Volatility tends to come under downside selling pressure 24 hours ahead of major Fed events like tomorrow’s FOMC at 2 p.m. and that’s apparent in VIX futures (+0.95%) starting around 2 p.m. ET.
VIX futures (1m) selling pressure late this afternoon and tonight.
For this reason stocks tend to drift gently upward into the FOMC at 2 p.m., after that it’s anyone’s guess. More broadly, however, there has been substantial improvement in VIX futures since last week.

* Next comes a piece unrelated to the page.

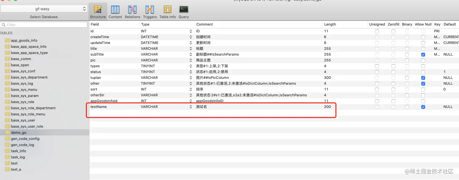 仅仅需要修改下app/model/DemoGoModel/DemoGo.go的Entity、AddReqParams、UpdateReqParams即可

VIX futures (2m) positive divergence.
Looking ahead, investors will receive Durable Goods Orders for December and the weekly MBA Mortgage Applications Index on Wednesday.
Apple, Tesla, Facebook and Samsung Electronics Co. are among companies reporting results.
The Federal Open Market Committee monetary policy decision (2 p.m. ET) and briefing by Chair Jerome Powell (2:30 p.m. ET) are scheduled for Wednesday. As always, beware of initial knee-jerk reactions. They are often noise and faded. I’ll e watching how volatility and its 3C charts act after the FOMC and Powell’s presser, as well as watching the Absolute Breadth Index for any plunge below 14. The lower, the more appealing it will be to add to my long volatility position (VXX Feb 19th $17 Call
Fourth-quarter GDP, initial jobless claims and new home sales are among U.S. data releases Thursday.
U.S. personal income, spending and pending home sales come Friday.